Cafe Centro Allora and Los Catrachos each have 36 prior inspections on record. Both were cited this week for shellfish traceability failures and food contact surface violations, categories that experienced operators have had ample opportunity to address.
Batch New-Southern Kitchen and Tap has 31 prior inspections on record and this week produced the highest combined violation count of any facility in the roundup. Inti Sandwich, with 32 prior inspections, was still missing a person in charge when inspectors arrived.
Amara Temple Holding Corporation has only 5 prior inspections on record, making it one of the newest operations in this week's data. It drew three high-severity violations, including improperly stored toxic substances, on what is still an early stretch of its inspection history.
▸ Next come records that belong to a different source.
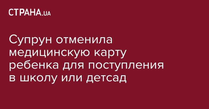 И.о. министра здравоохранения Ульяна Супрун заявила, что школы и детсады не имеют права требовать от родителей медицинскую карту ребенка для поступления. Об этом Супрун написала на своей странице в Facebook.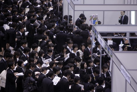 Job-seekers visit booths of companies at a job fair held for graduates in Tokyo November 15, 2008. University students in the world's second-largest economy could face a rude awakening as the global financial crisis hits Japan, prompting firms to cut graduate recruitment. [Agencies]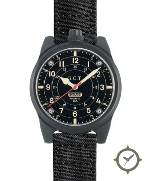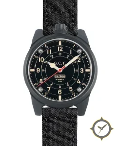 Eine Militär-Uhr mit einem markanten 41.5mm Auftritt am Handgelenk, gefertigt aus Beschichtung mit einem Zifferblatt in schwarz und einer besonderen "matte"-Oberfläche.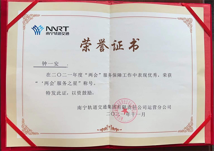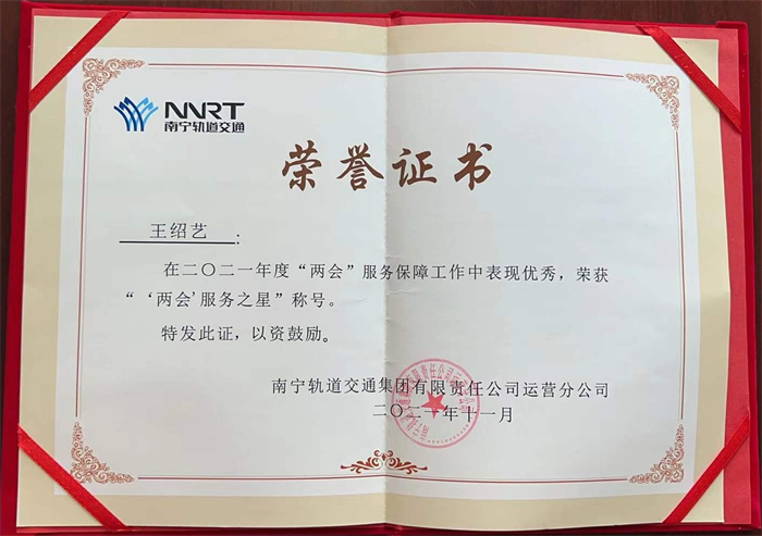 其中,4號(hào)線站務(wù)助理王紹藝、鐘一安在“兩會(huì)”保障工作中,積極了解政策,熱心解答來賓乘車疑問。遇進(jìn)站大客流的情況時(shí),他們積極搬運(yùn)客控物質(zhì),迅速引流進(jìn)站人員,有效避免了站臺(tái)壓力過大。他們的工作獲得了南寧軌道交通的認(rèn)可,榮獲“‘兩會(huì)’服務(wù)之星”的稱號(hào)。

Celona, with 7 prior inspections, is also relatively new and already accumulating management-level failures: no person in charge and no employee illness reporting policy in the same visit.
Belle and Maxwells, the one facility ordered closed this week, does not appear in the prior inspection data provided. What is documented is that rodent activity was serious enough to warrant an emergency closure on April 23, and as of the close of this reporting week, no reopening record had been filed.